WHAT TO PRODUCE: Range to reproduce from the entries below: the line with "La fotografía del", the line with "(англ. gasholder, от", and every line in between. Give them exactly and give nothing else.

PROVIDED ENTRIES:
◇ ◇ ◇

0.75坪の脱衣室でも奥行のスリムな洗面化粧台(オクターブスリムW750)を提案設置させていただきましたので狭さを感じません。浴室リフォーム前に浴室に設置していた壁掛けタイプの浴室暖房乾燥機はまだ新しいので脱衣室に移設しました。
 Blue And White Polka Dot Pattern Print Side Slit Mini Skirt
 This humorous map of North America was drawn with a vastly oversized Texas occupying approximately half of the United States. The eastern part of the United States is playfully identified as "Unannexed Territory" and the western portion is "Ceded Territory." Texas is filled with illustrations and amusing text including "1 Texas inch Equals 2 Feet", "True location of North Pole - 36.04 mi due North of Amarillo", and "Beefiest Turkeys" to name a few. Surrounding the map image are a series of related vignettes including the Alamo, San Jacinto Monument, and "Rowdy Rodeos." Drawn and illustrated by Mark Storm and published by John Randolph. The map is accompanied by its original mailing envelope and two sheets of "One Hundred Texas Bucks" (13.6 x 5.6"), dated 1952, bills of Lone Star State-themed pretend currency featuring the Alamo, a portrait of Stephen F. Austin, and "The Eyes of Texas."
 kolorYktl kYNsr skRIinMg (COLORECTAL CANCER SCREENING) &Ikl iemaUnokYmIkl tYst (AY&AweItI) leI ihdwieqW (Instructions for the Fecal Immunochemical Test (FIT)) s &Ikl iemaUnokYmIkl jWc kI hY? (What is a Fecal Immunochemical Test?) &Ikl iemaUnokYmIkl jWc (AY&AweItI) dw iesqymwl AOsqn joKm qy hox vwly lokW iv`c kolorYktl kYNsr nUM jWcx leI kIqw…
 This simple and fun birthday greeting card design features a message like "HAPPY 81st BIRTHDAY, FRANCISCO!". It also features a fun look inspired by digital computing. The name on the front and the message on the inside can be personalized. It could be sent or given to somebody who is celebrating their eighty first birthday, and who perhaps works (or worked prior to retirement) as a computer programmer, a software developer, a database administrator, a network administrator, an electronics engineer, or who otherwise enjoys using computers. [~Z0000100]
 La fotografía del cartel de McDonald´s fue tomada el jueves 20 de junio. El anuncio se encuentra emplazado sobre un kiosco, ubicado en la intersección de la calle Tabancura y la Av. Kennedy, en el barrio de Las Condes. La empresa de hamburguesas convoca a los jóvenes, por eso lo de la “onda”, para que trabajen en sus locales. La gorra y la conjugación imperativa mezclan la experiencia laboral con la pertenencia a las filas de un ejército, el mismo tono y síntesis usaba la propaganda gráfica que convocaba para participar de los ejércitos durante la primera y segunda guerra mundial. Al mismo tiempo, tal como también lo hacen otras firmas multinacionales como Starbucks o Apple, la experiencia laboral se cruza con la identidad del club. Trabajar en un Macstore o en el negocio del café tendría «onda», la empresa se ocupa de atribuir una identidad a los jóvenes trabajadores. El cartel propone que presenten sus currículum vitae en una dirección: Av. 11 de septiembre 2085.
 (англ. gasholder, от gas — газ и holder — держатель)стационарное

◇ ◇ ◇

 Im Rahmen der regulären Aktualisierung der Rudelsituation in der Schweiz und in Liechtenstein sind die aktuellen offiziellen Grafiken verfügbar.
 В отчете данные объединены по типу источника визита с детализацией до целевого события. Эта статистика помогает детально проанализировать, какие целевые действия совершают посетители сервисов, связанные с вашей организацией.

◇ ◇ ◇

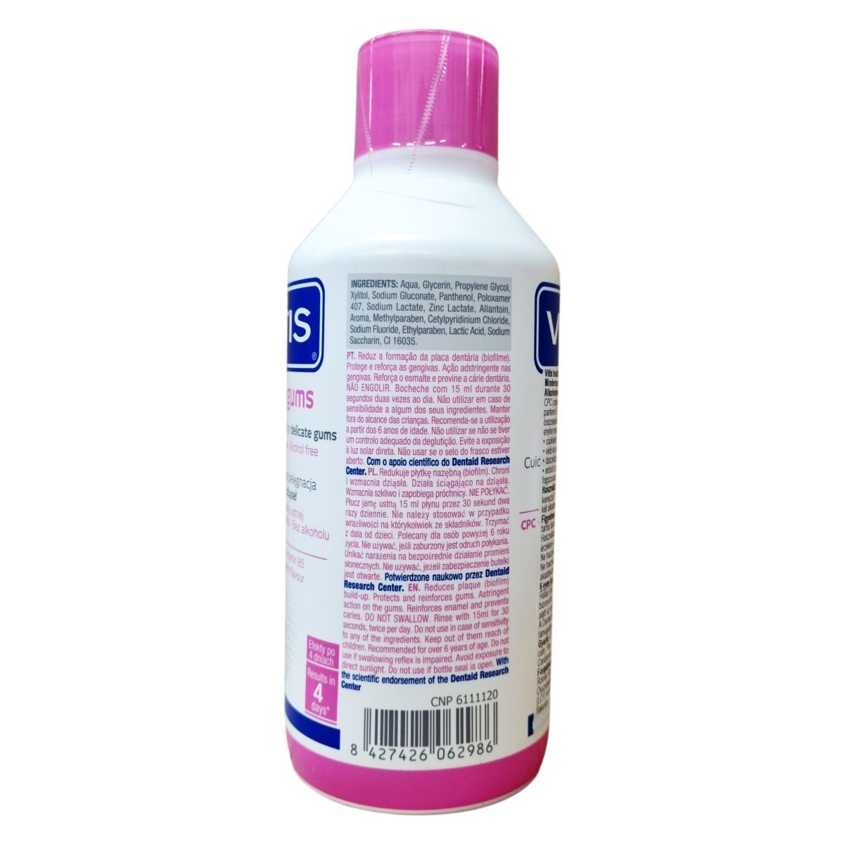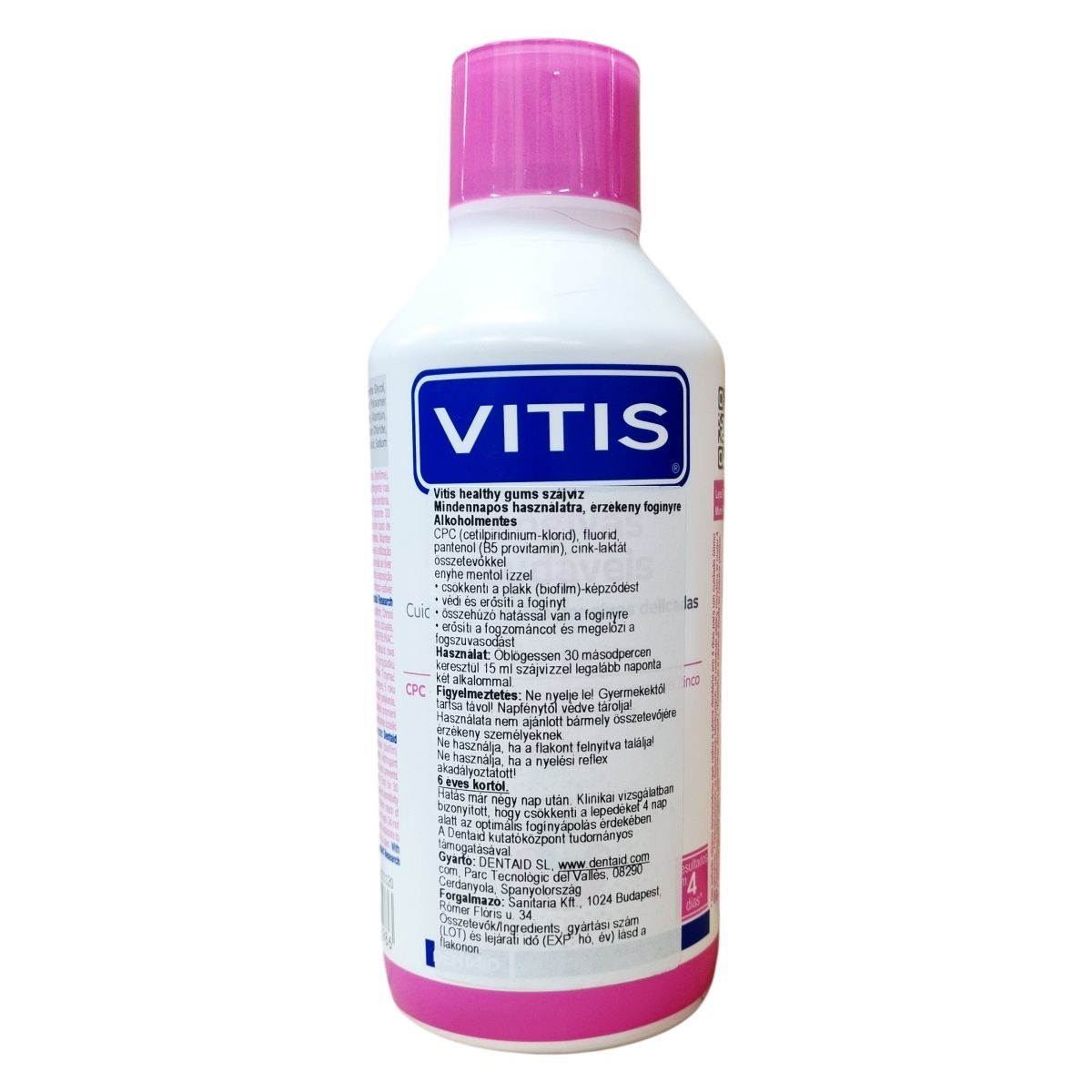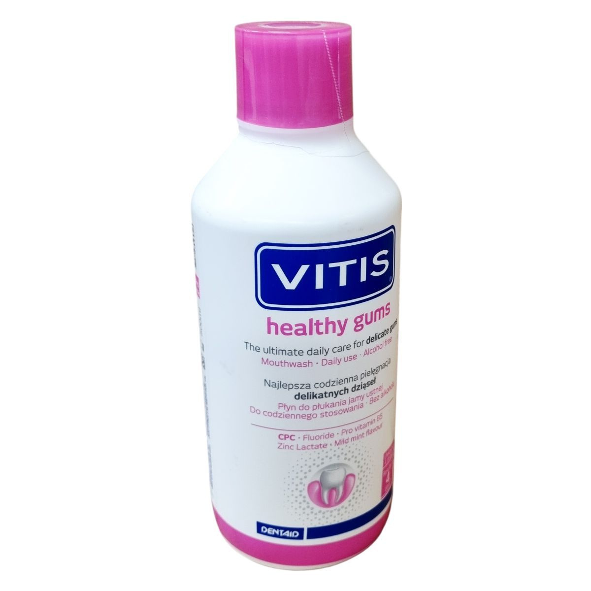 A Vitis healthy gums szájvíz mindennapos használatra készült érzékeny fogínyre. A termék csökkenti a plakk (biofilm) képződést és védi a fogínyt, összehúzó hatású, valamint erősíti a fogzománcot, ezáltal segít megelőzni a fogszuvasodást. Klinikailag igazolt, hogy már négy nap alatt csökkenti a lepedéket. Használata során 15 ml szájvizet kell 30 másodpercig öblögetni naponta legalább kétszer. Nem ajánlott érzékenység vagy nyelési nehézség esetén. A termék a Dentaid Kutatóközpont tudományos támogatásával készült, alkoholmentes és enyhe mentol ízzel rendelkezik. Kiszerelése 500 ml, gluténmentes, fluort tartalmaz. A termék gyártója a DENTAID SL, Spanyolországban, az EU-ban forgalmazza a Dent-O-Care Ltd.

◇ ◇ ◇

EXERCISE ANSWER:
 La fotografía del cartel de McDonald´s fue tomada el jueves 20 de junio. El anuncio se encuentra emplazado sobre un kiosco, ubicado en la intersección de la calle Tabancura y la Av. Kennedy, en el barrio de Las Condes. La empresa de hamburguesas convoca a los jóvenes, por eso lo de la “onda”, para que trabajen en sus locales. La gorra y la conjugación imperativa mezclan la experiencia laboral con la pertenencia a las filas de un ejército, el mismo tono y síntesis usaba la propaganda gráfica que convocaba para participar de los ejércitos durante la primera y segunda guerra mundial. Al mismo tiempo, tal como también lo hacen otras firmas multinacionales como Starbucks o Apple, la experiencia laboral se cruza con la identidad del club. Trabajar en un Macstore o en el negocio del café tendría «onda», la empresa se ocupa de atribuir una identidad a los jóvenes trabajadores. El cartel propone que presenten sus currículum vitae en una dirección: Av. 11 de septiembre 2085.
 (англ. gasholder, от gas — газ и holder — держатель)стационарное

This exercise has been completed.